You can monitor the training in the tensorboard page

In [None]:
for pipe in trainers:
    pipe.train(
        Adam,
        7,
        False,
        {"lr": 0.01},
        {"batch_size": 200})

# For each model, let's plot the topology of the dataset embedded in each layer of the network

We start by the Betti curves. For a subset of size `batch_size` of the dataset, we compute the successive Betti numbers of the Vietoris-Rips complex of radius filtration_value of the subset embedded in each layer of the network. The result is plotted in tensorboard.

In [None]:
from gdeep.visualization import Visualiser

# Choose the size of the subset of the dataset
batch_size = 500

# Extract the subset of the dataset for plotting
one_batch_dataset, _, _ = DataLoaderBuilder((ds_tr,)).build(
    [{"batch_size": batch_size, "sampler": RandomSampler(ds_tr)}]) 

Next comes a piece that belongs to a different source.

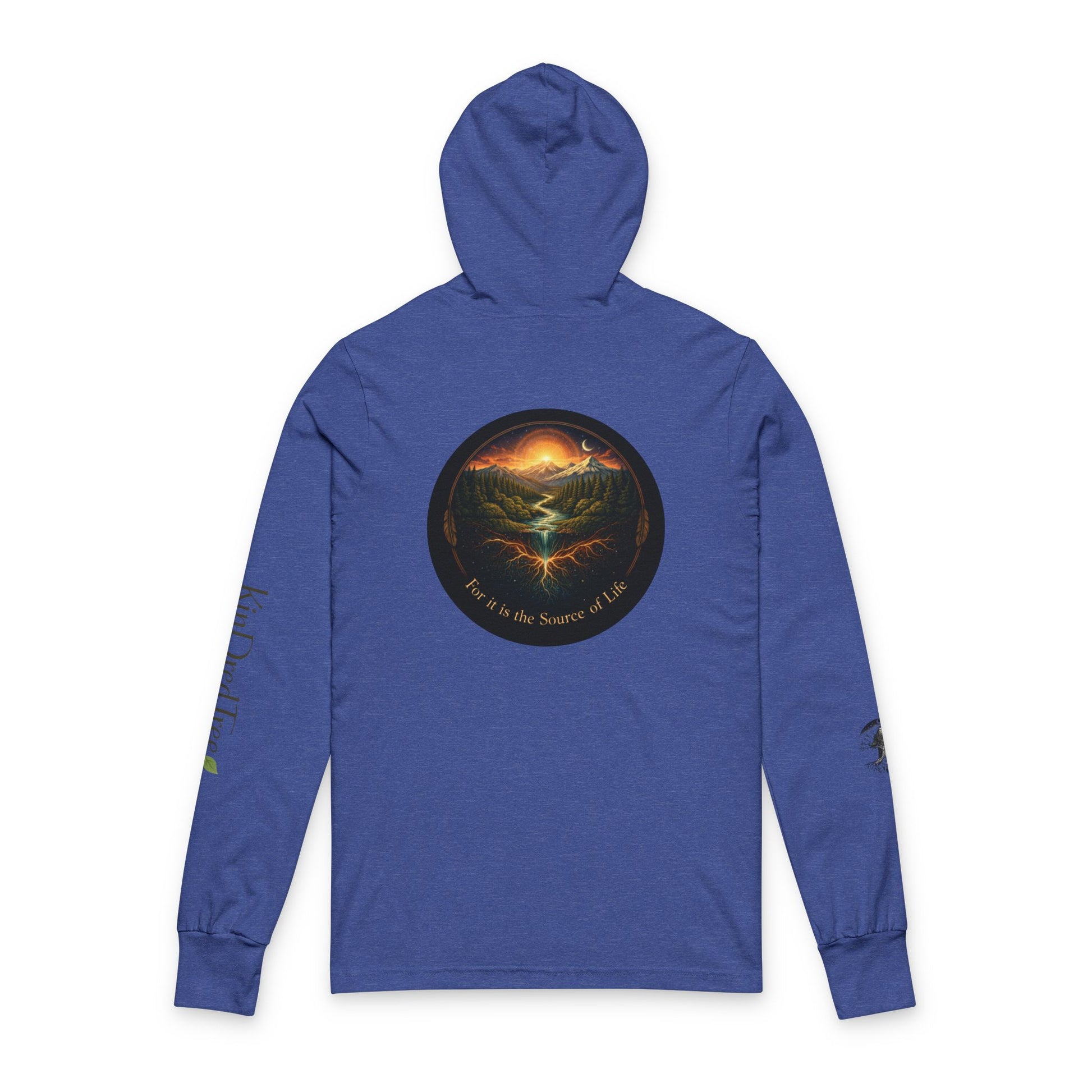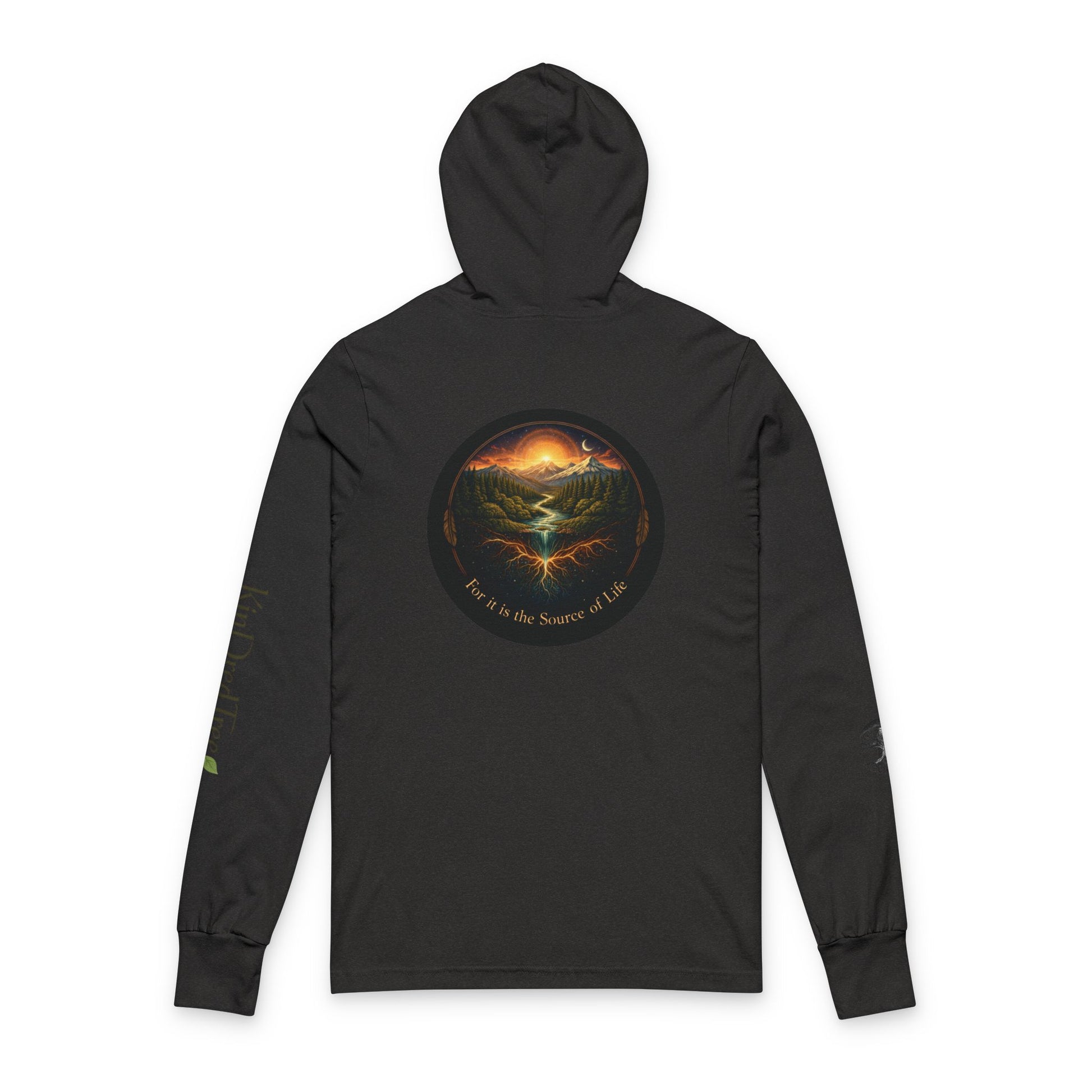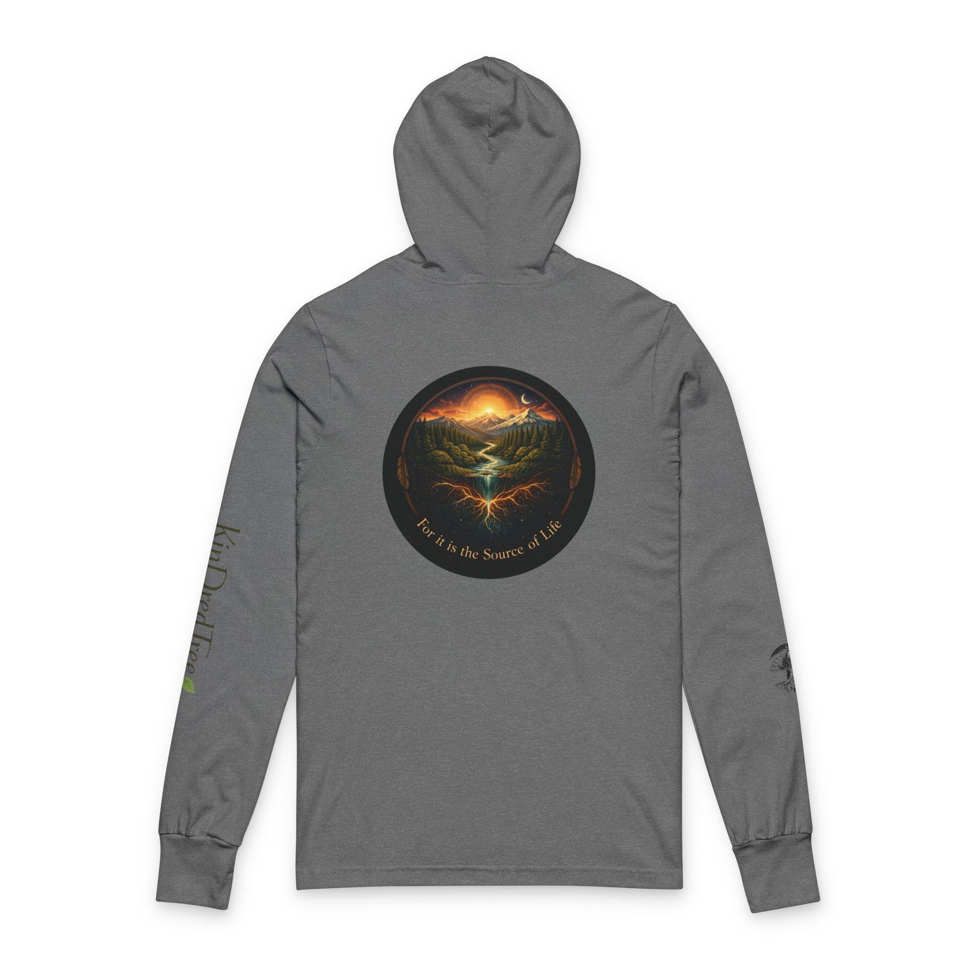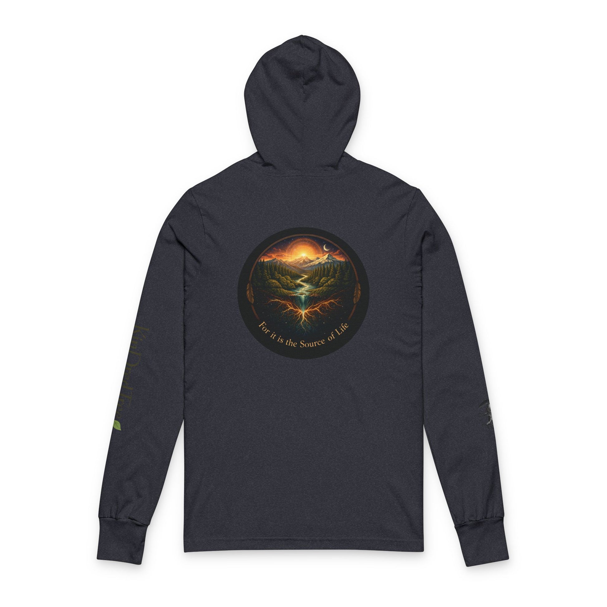 Respect the Land, Sacred Sasquatch Guardian Emblem Hooded Long Sleeve Tee

batch_for_plotting = next(iter(one_batch_dataset))

# For each model, plot the Betti curve
for pipe in trainers:
    vs = Visualiser(pipe)
    vs.plot_betti_numbers_layers(homology_dimensions=[0,1], 
        batch=batch_for_plotting, 
        filtration_value=0.5)
    del vs


If you have a bit more time, you can even compute the Persistence Diagrams of the subset of the dataset embedded in each layers, and plot them in tensorboard! The computation might take a few minutes.

In [None]:
for pipe in trainers:
    vs = Visualiser(pipe)
    vs.plot_persistence_diagrams(batch_for_plotting, k=0)
    del vs


## Conclusion

As can be observed in the tensorboard plots, the neural network tend to simplify the topology of the dataset accross layers, in order to perform classification. This simple observation highlights the importance to understand topologically the operations performed by deep learning models.